Cubans from all the generations also gather in bars for drinks and conversation and in Latin night clubs to dance to Cuban music and at the ever-decreasing Latin festivals, as well as the occasional Cuban music concert. These public gatherings were, and are still today, some of the most common ways that Cubans come together.

Teté's Bar is situated on St. Claude Avenue in New Orleans. This once-bustling neighborhood was home to a small but dynamic Cuban community in the 1980s, including small business owners small-business owners like Leobel Granado, the owner of Teté's. The Cubans who lived in the neighborhood at that time were mostly Marielitos who immigrated in 1980.

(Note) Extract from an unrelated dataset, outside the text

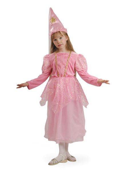 В комплект карнавального костюма сказочной феи входит платье и колпак.

Bars like Teté's played an important role in maintaining contact between the members of this community, but as time went on, many things changed. According to the owner, few Cubans pass through Teté's anymore because many of the neighborhood regulars did not return to New Orleans after Hurricane Katrina in 2005. However, new places and events are appearing, such as the concerts and parties organized by the CubaNOLA Arts Collective, an institution that explores the cultural connections between Cuba and New Orleans, Louisiana. Some bars in Kenner, Metairie, and New Orleans offer a consistent variety of Latin and Cuban music where more and more (usually younger) Cubans go out.


Teté's Bar is a gathering place for the Cuban community.